─── Source records ───

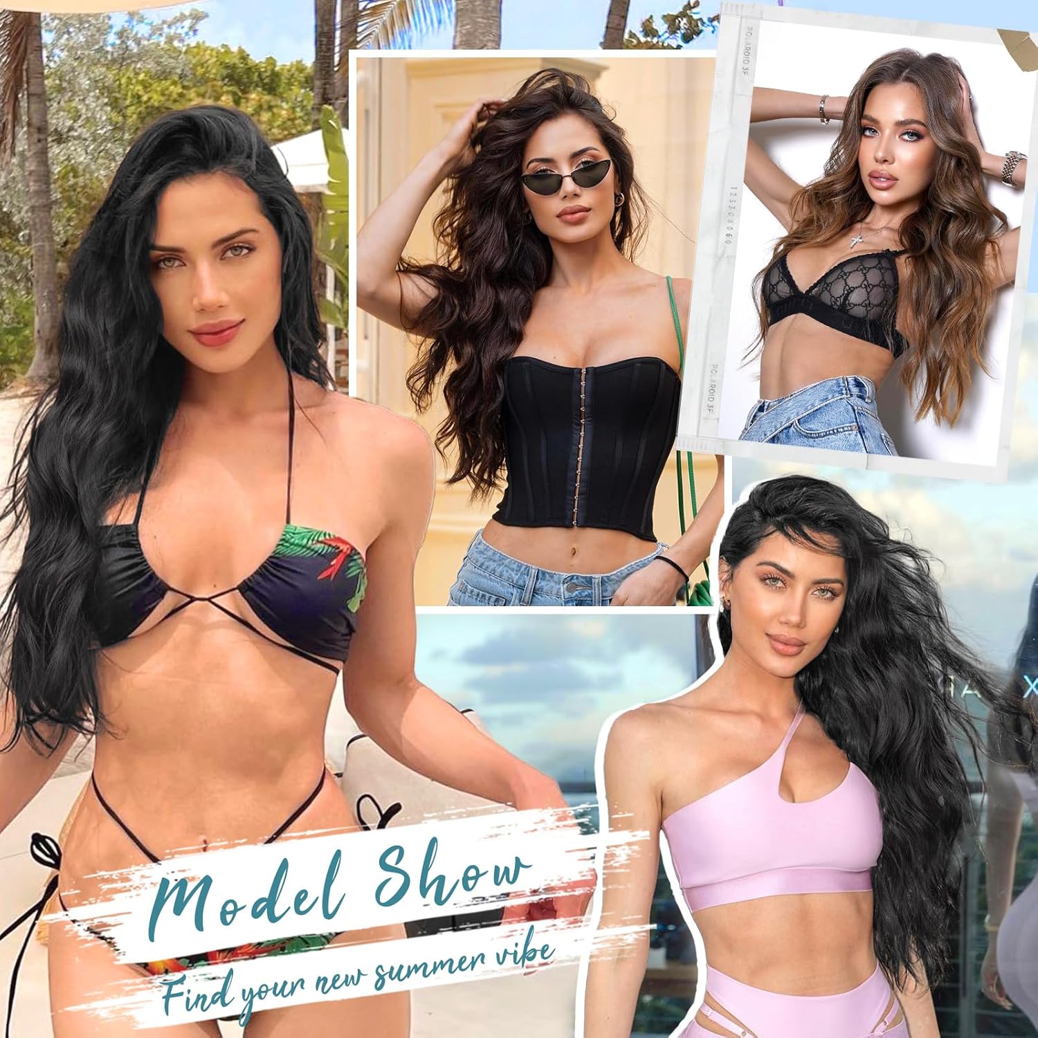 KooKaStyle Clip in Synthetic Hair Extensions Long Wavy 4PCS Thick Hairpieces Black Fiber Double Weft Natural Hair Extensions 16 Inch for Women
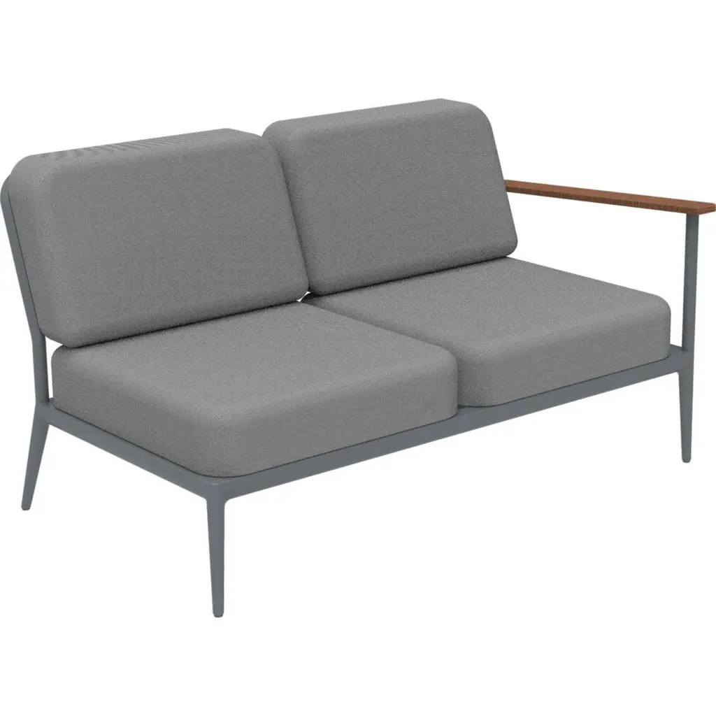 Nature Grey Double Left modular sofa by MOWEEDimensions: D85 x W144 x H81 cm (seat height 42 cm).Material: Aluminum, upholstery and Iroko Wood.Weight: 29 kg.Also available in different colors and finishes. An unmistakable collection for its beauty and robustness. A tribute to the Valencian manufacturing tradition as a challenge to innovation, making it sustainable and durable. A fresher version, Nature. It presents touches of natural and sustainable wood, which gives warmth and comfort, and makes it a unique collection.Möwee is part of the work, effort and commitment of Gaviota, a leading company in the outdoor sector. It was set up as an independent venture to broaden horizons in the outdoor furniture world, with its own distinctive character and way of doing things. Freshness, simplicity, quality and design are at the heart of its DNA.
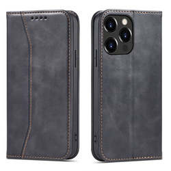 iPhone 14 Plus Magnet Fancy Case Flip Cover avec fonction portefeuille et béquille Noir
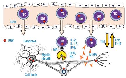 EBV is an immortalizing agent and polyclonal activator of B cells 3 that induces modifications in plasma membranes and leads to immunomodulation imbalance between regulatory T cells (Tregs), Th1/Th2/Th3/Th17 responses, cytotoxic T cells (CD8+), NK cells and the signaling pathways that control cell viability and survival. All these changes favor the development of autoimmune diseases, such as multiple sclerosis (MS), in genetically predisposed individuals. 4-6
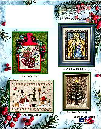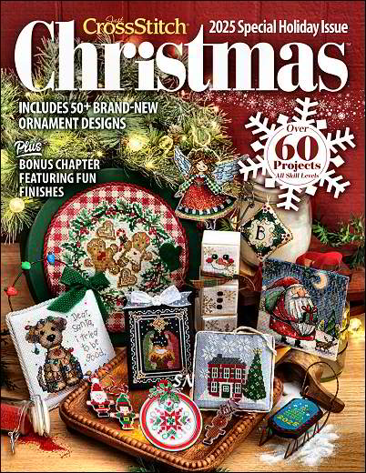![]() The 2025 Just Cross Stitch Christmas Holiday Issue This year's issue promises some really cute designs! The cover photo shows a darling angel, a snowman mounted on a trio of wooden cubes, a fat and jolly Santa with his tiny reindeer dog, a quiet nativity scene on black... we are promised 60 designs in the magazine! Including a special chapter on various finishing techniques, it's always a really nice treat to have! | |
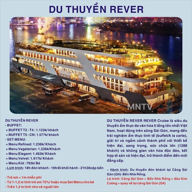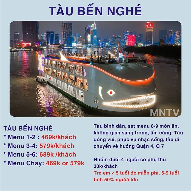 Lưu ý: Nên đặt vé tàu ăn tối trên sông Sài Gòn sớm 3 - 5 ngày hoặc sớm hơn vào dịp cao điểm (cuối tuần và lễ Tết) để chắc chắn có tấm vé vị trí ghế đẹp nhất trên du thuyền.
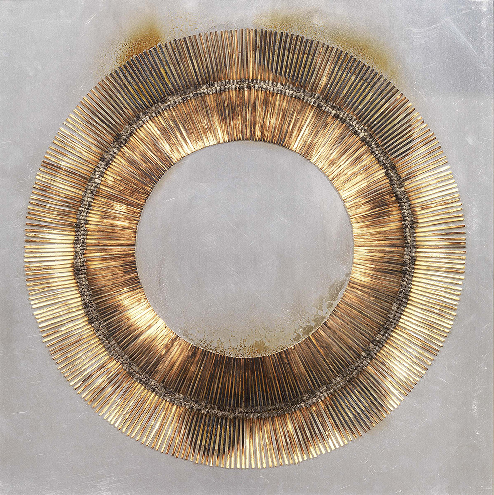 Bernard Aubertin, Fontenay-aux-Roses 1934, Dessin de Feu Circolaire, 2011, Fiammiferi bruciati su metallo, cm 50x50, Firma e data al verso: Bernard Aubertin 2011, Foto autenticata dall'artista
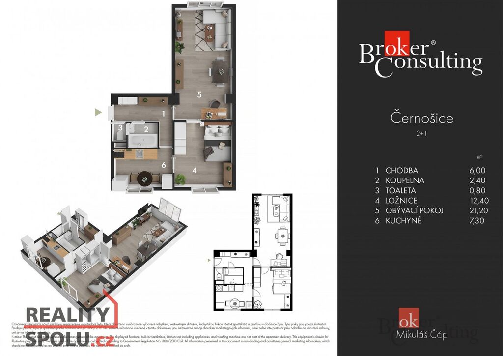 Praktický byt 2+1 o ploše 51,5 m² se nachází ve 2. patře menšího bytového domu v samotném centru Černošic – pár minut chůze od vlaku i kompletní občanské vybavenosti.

───

__Requirement__: Print the whole listing above exactly, and keep every picture out of the copy.

__Output for this task__:
 KooKaStyle Clip in Synthetic Hair Extensions Long Wavy 4PCS Thick Hairpieces Black Fiber Double Weft Natural Hair Extensions 16 Inch for Women
 Nature Grey Double Left modular sofa by MOWEEDimensions: D85 x W144 x H81 cm (seat height 42 cm).Material: Aluminum, upholstery and Iroko Wood.Weight: 29 kg.Also available in different colors and finishes. An unmistakable collection for its beauty and robustness. A tribute to the Valencian manufacturing tradition as a challenge to innovation, making it sustainable and durable. A fresher version, Nature. It presents touches of natural and sustainable wood, which gives warmth and comfort, and makes it a unique collection.Möwee is part of the work, effort and commitment of Gaviota, a leading company in the outdoor sector. It was set up as an independent venture to broaden horizons in the outdoor furniture world, with its own distinctive character and way of doing things. Freshness, simplicity, quality and design are at the heart of its DNA.
 iPhone 14 Plus Magnet Fancy Case Flip Cover avec fonction portefeuille et béquille Noir
 EBV is an immortalizing agent and polyclonal activator of B cells 3 that induces modifications in plasma membranes and leads to immunomodulation imbalance between regulatory T cells (Tregs), Th1/Th2/Th3/Th17 responses, cytotoxic T cells (CD8+), NK cells and the signaling pathways that control cell viability and survival. All these changes favor the development of autoimmune diseases, such as multiple sclerosis (MS), in genetically predisposed individuals. 4-6
![]() The 2025 Just Cross Stitch Christmas Holiday Issue This year's issue promises some really cute designs! The cover photo shows a darling angel, a snowman mounted on a trio of wooden cubes, a fat and jolly Santa with his tiny reindeer dog, a quiet nativity scene on black... we are promised 60 designs in the magazine! Including a special chapter on various finishing techniques, it's always a really nice treat to have! | |
 Lưu ý: Nên đặt vé tàu ăn tối trên sông Sài Gòn sớm 3 - 5 ngày hoặc sớm hơn vào dịp cao điểm (cuối tuần và lễ Tết) để chắc chắn có tấm vé vị trí ghế đẹp nhất trên du thuyền.
 Bernard Aubertin, Fontenay-aux-Roses 1934, Dessin de Feu Circolaire, 2011, Fiammiferi bruciati su metallo, cm 50x50, Firma e data al verso: Bernard Aubertin 2011, Foto autenticata dall'artista
 Praktický byt 2+1 o ploše 51,5 m² se nachází ve 2. patře menšího bytového domu v samotném centru Černošic – pár minut chůze od vlaku i kompletní občanské vybavenosti.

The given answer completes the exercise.